■ INFORMATION PROVIDED ■
:::::

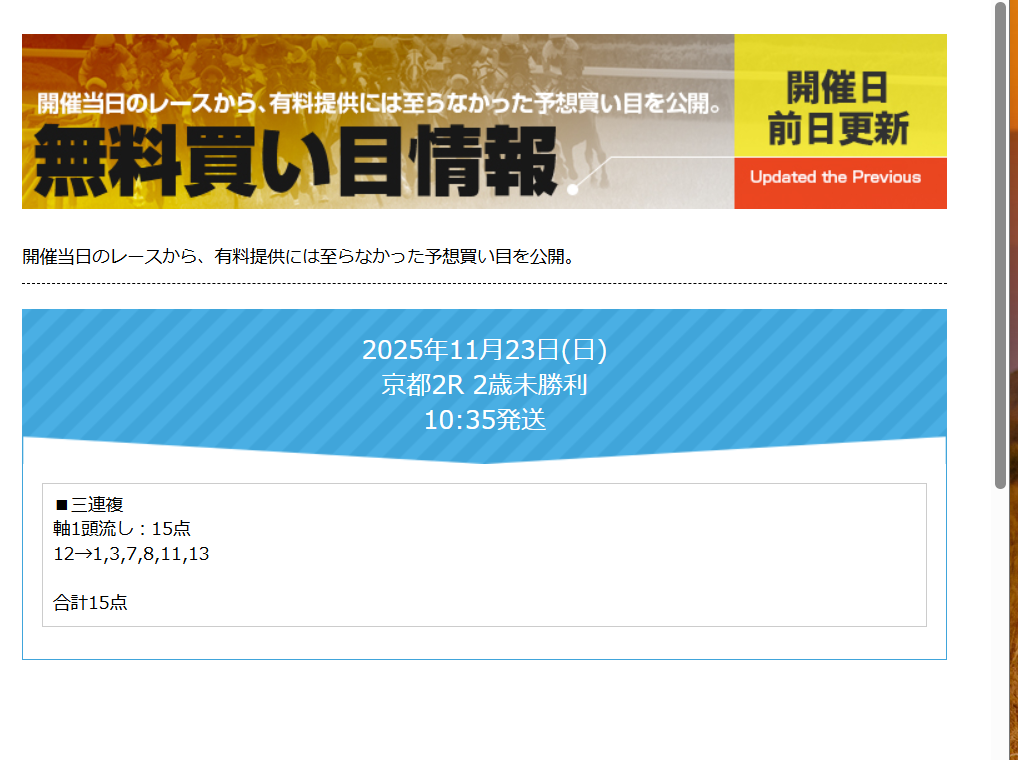 ※登録がない予想サイトなどがあればお問い合わせまでご連絡をお願いします。※
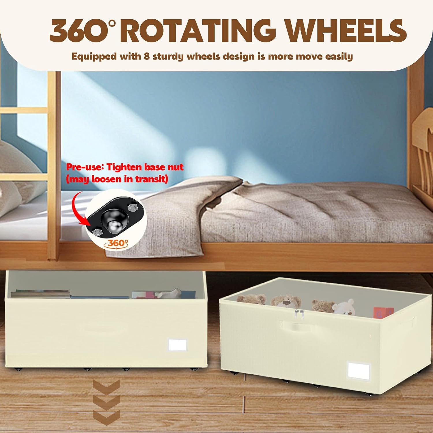 • 【Smoother Roller for 360° Mobility】Our underbed storage bins feature 8 smooth-rolling ball bearing wheels, so they glide effortlessly on any surface—even thick carpet! They work especially well on hardwood and tile floors, making it a breeze to access your stored items in seconds. No more struggling with stubborn bins—just pull and go!
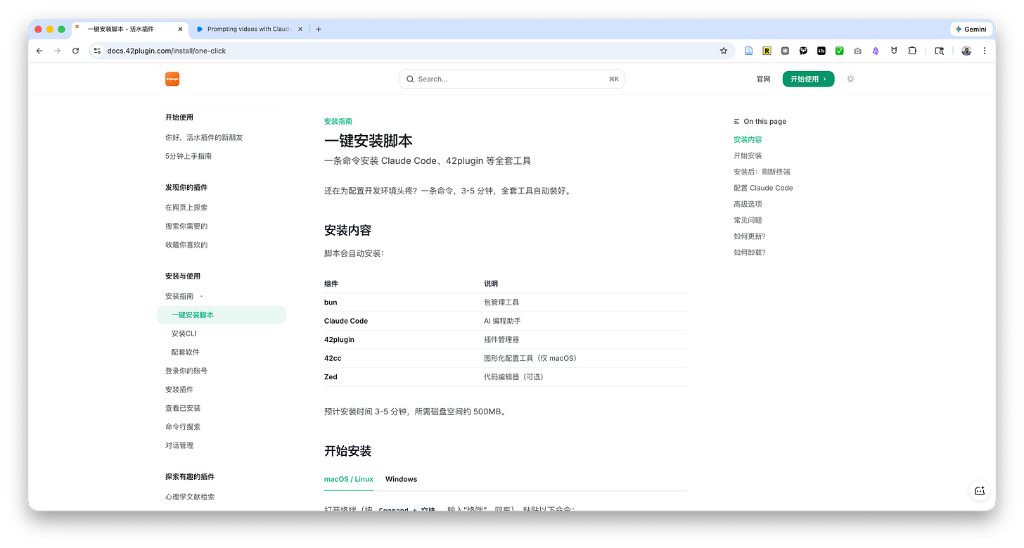 这个步骤你可以参考阳志平老师他们活水团队做出来的 快速安装教程,一行命令就能把包括 Claude Code 在内的各种组件装全,确实是「喂饭」级别的细致教程。
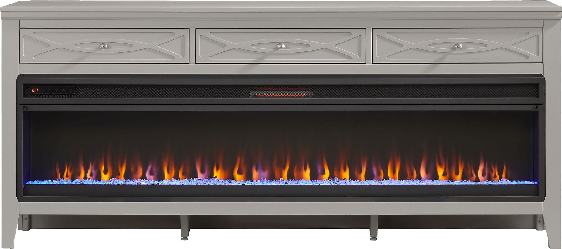 Abbie II Gray 77 In. Console With Electric Fireplace

:::::

■ TASK PROMPT ■
Leaving out the pictures, output the listing above exactly as given.

■ TASK RESULT ■
 ※登録がない予想サイトなどがあればお問い合わせまでご連絡をお願いします。※
 • 【Smoother Roller for 360° Mobility】Our underbed storage bins feature 8 smooth-rolling ball bearing wheels, so they glide effortlessly on any surface—even thick carpet! They work especially well on hardwood and tile floors, making it a breeze to access your stored items in seconds. No more struggling with stubborn bins—just pull and go!
 这个步骤你可以参考阳志平老师他们活水团队做出来的 快速安装教程,一行命令就能把包括 Claude Code 在内的各种组件装全,确实是「喂饭」级别的细致教程。
 Abbie II Gray 77 In. Console With Electric Fireplace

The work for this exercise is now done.